Bakal Gokhan, Kavuluru Ramakanth
Department of Computer Science, University of Kentucky, Lexington, KY, USA.
Division of Biomedical Informatics, Department of Biostatistics, University of Kentucky, Lexington, KY, USA.
Min Intell Knowl Explor (2015). 2015 Dec;9468:586-596. doi: 10.1007/978-3-319-26832-3_55. Epub 2016 Jan 3.
Identifying new potential treatment options (say, medications and procedures) for known medical conditions that cause human disease burden is a central task of biomedical research. Since all candidate drugs cannot be tested with animal and clinical trials, approaches are first attempted to identify promising candidates. Even before this step, due to recent advances, or computational approaches are also being employed to identify viable treatment options. Generally, natural language processing (NLP) and machine learning are used to predict specific relations between any given pair of entities using the distant supervision approach. In this paper, we report preliminary results on predicting treatment relations between biomedical entities purely based on semantic patterns over biomedical knowledge graphs. As such, we refrain from explicitly using NLP, although the knowledge graphs themselves may be built from NLP extractions. Our intuition is fairly straightforward - entities that participate in a treatment relation may be connected using similar path patterns in biomedical knowledge graphs extracted from scientific literature. Using a dataset of treatment relation instances derived from the well known Unified Medical Language System (UMLS), we verify our intuition by employing graph path patterns from a well known knowledge graph as features in machine learned models. We achieve a high recall (92 %) but precision, however, decreases from 95% to an acceptable 71% as we go from uniform class distribution to a ten fold increase in negative instances. We also demonstrate models trained with patterns of length ≤ 3 result in statistically significant gains in F-score over those trained with patterns of length ≤ 2. Our results show the potential of exploiting knowledge graphs for relation extraction and we believe this is the first effort to employ graph patterns as features for identifying biomedical relations.

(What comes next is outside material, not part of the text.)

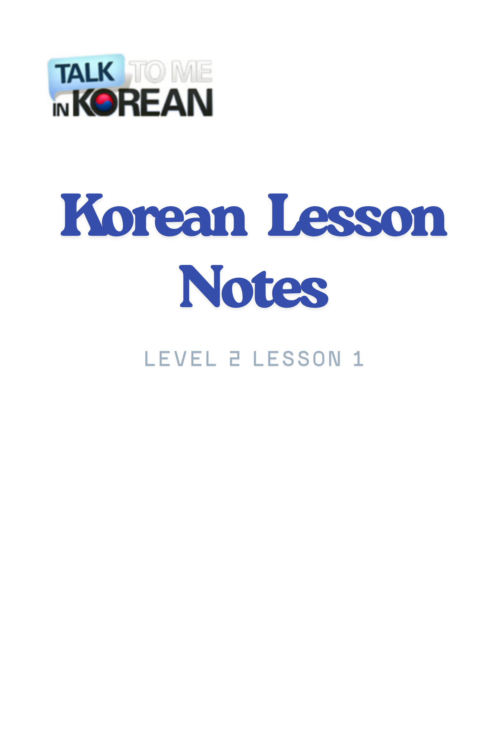 Korean Lesson Notes – Level 2
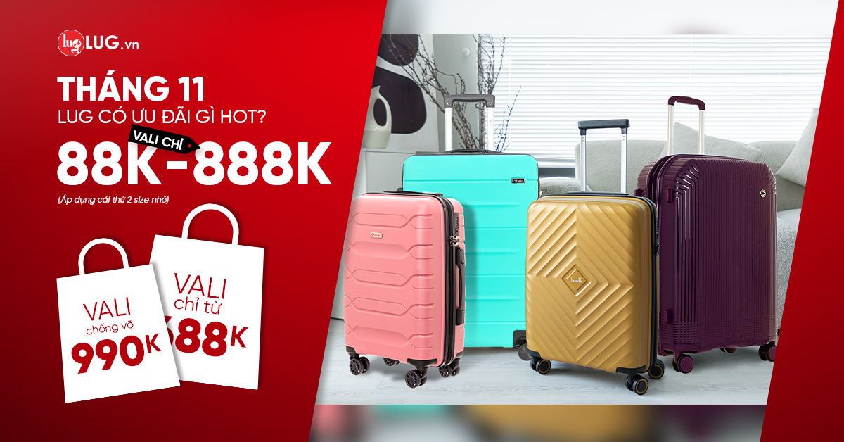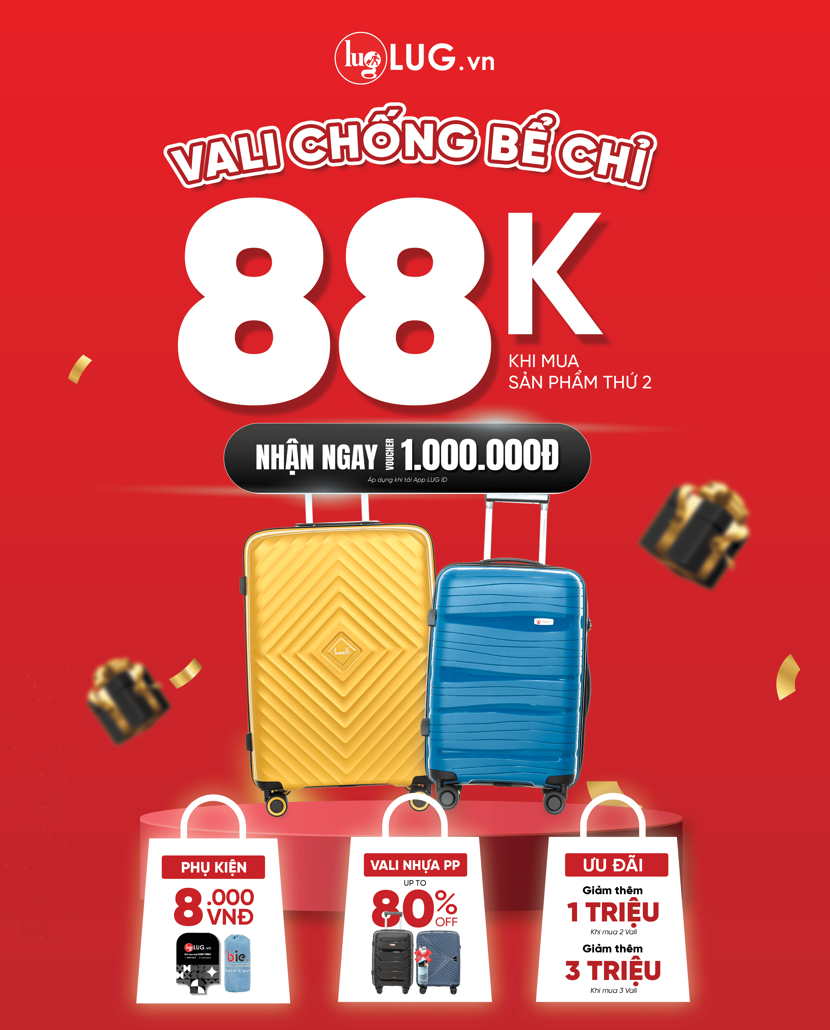 Để mọi khách hàng đều có thể sở hữu một ngời bạn đồng hành chất lượng cho những chuyến đi cuối năm, LUG đem đến cho khách hàng ưu đãi vali quốc tế giảm sốc chỉ 888K khi mua cái thứ 2 size 20.

识别已知导致人类疾病负担的医学病症的新潜在治疗方案(如药物和程序)是生物医学研究的核心任务。由于并非所有候选药物都能通过动物试验和临床试验进行测试,因此首先会尝试各种方法来识别有前景的候选药物。甚至在这一步之前,由于最近的进展,计算方法也被用于识别可行的治疗方案。一般来说,自然语言处理(NLP)和机器学习被用于使用远程监督方法预测任意给定实体对之间的特定关系。在本文中,我们报告了仅基于生物医学知识图谱上的语义模式来预测生物医学实体之间治疗关系的初步结果。因此,尽管知识图谱本身可能是从NLP提取中构建的,但我们避免明确使用NLP。我们的直觉相当简单——参与治疗关系的实体可能在从科学文献中提取的生物医学知识图谱中通过相似的路径模式相连。使用从著名的统一医学语言系统(UMLS)派生的治疗关系实例数据集,我们通过将来自著名知识图谱的图路径模式用作机器学习模型中的特征来验证我们的直觉。我们实现了较高的召回率(92%),然而,随着我们从均匀类分布到负实例增加十倍,精确率从95%降至可接受的71%。我们还证明,与使用长度≤2的模式训练的模型相比,使用长度≤3的模式训练的模型在F值上有统计学上的显著提高。我们的结果显示了利用知识图谱进行关系提取的潜力,并且我们相信这是首次将图模式用作识别生物医学关系的特征的努力。